• Carl Weston

Why I chose this type of BBQ.

ok so I went down the rabbit hole, I wanted a new grill but the healthiest option!

Hey guys

So summer is here and as it warms up we never want to be inside cooking if we can be outside. Especially here in Canada when we have long winters but amazing summers we want to spend as much time outside when its nice as possible So why this? Well I posed a question on social media and asked

Which grill is best? Gas, Charcoal or pellets?

And I got a pretty even response from all 3.

However I decided to do more research and look in to the health and wellness and whats best and whats bad about BBQ'ing. So for anyone who wants to know the ins and out have a quick read about how to eat healthy and give me any feedback you have.

So firstly lets look 5th what or why it may be bad. So meat contains creatine, an organic acid that helps to supply the energy used by muscle cells. When you cook meat, a chemical reaction turns creatine into a group of compounds called heterocyclic amines (HCAs) and there is some evidence that these compounds cause cancer in high concentrations.

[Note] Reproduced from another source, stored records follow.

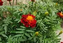 万寿菊是菊科万寿菊属一年生草本植物,别名孔雀菊、缎子花、臭菊花、西番菊、红黄草、小万寿菊、臭芙蓉、孔雀草。万寿菊茎近基部分枝。叶羽状分裂,长5-10厘米,宽4-8厘米,裂片长椭圆形或披针形,具锐齿,…全部>>
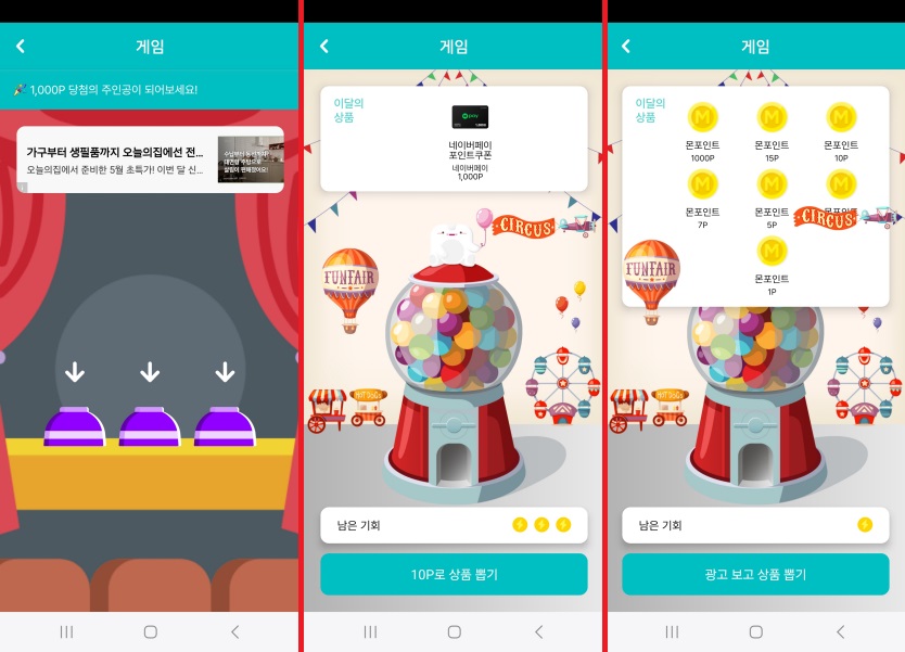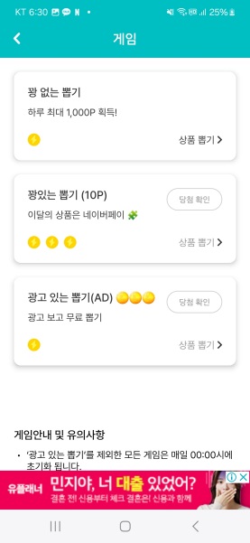 현재 게임 목록에는 총 3개(꽝 없는 뽑기, 꽝 있는 뽑기, 광고 있는 뽑기)가 있습니다. 게임이라고 해서 오락같은 것을 생각하셨겠지만 그냥 포인트/상품 뽑는 간단한 콘텐츠입니다ㅋㅋㅋㅋ... 뽑기 콘텐츠 자체를 '게임'으로 둔 모양입니다.
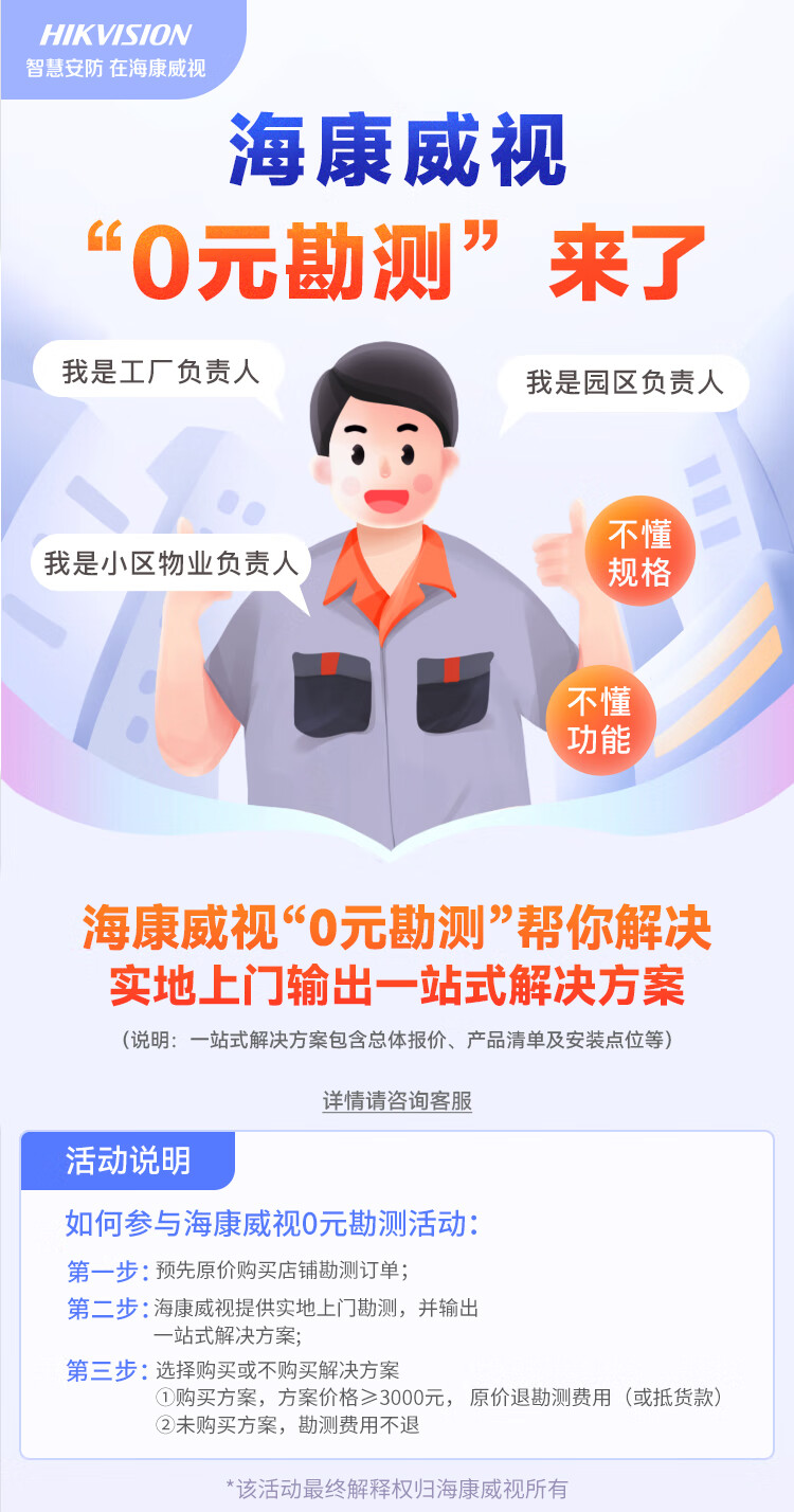 HIKVISION海康威视 安防监控摄像头安装 视频监控安装服务全国上门0元勘测服务
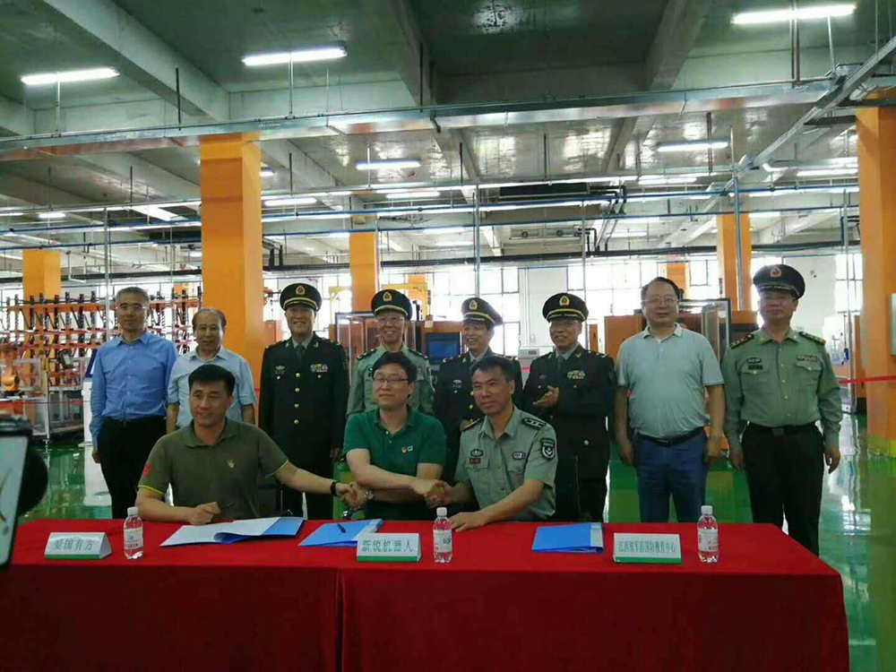公司董事長黃杰在穆振河、金培昌、方文生、王行惠等四位少將的見證下與山東新銳智能機器人有限公司簽署國防機器人項目合作協(xié)議。
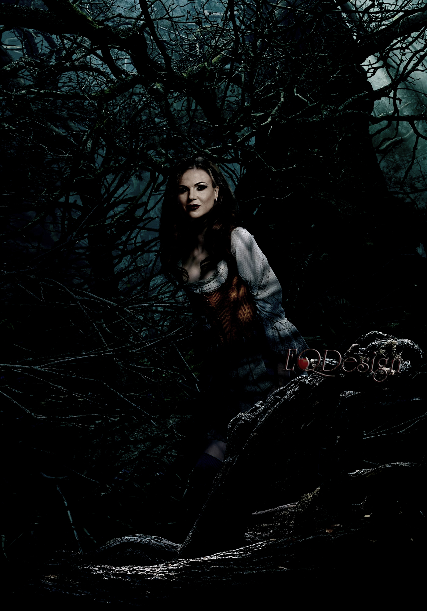 Description: A woman standing in the woods with a knife in her hand and a creepy look on her face.
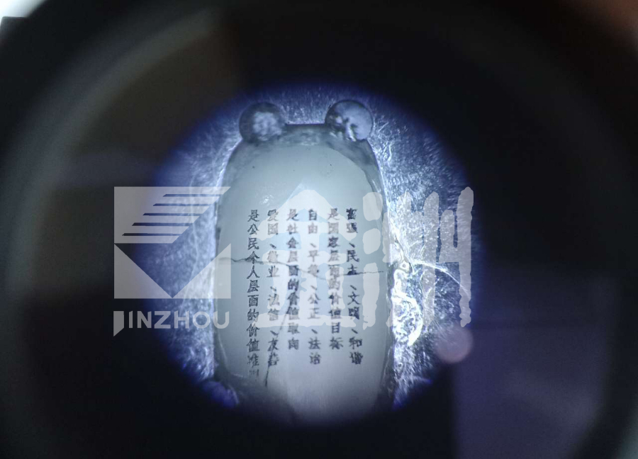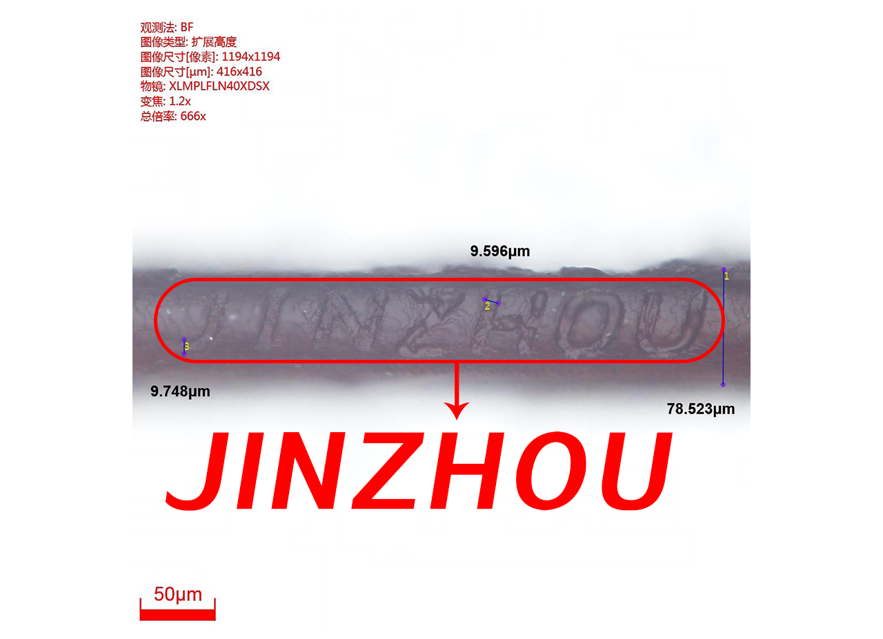 在一根头发丝上铣出完整字母:“JINZHOU”。头发丝宽度为0.078mm,"JINZHOU"字母线宽为0.0095mm。
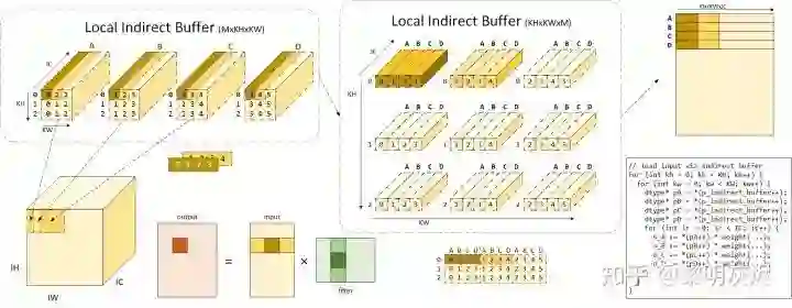 如相关章节的讨论,Im2col 优化算法存在两个问题,第一是占用大量的额外内存,第二是需要对输入进行额外的数据拷贝。这两点如何才能解决呢?间接卷积算法给出的答案是间接缓冲区(Indirect Buffer),如图五右半所示。
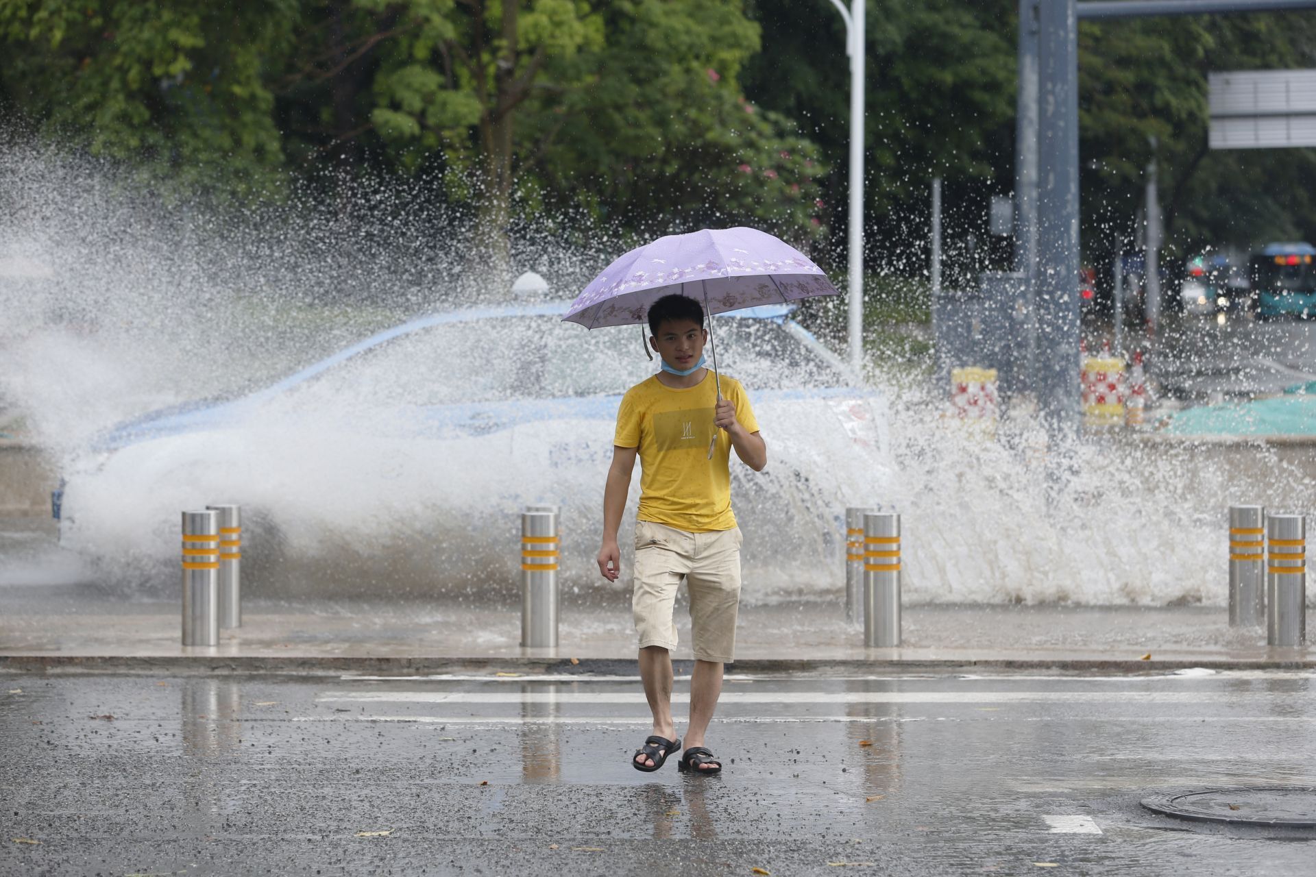 見圳客戶端·深圳新聞網(wǎng)2020年5月26日訊(深圳特區(qū)報記者 楊浩翰)2020年5月26日中午13:03分,深圳氣象臺發(fā)布暴雨黃色預(yù)警,福田區(qū)及深圳各個區(qū)遭遇短時強(qiáng)降水,降水導(dǎo)致福田區(qū)部分道路水浸,出行的市民十分謹(jǐn)慎經(jīng)過水浸路面。

Frying and grilling meat will produce some HCAs but barbecues tend to be much hotter, and worrying about underdone meat means that many of us tend to cook until everything is well charred, so the level of HCAs is much higher. This is why I went down a rabbit hole. but you can control the heat and hence affect the health of what you are eating.

Also, unlike grilling, a barbecue heats the meat from below. As the fat drips onto the hot coals it burns, and the smoke rises up and coats the meat. This smoke contains lots of polycyclic aromatic hydrocarbons (PAHs) from the partially burned fat. PAHs are another group of chemicals that are known to cause cancer. But most studies linking HCAs and PAHs to cancer have been in the laboratory, using rats and very high doses. Most people don’t eat barbecue food often enough for the health risk to be measurable.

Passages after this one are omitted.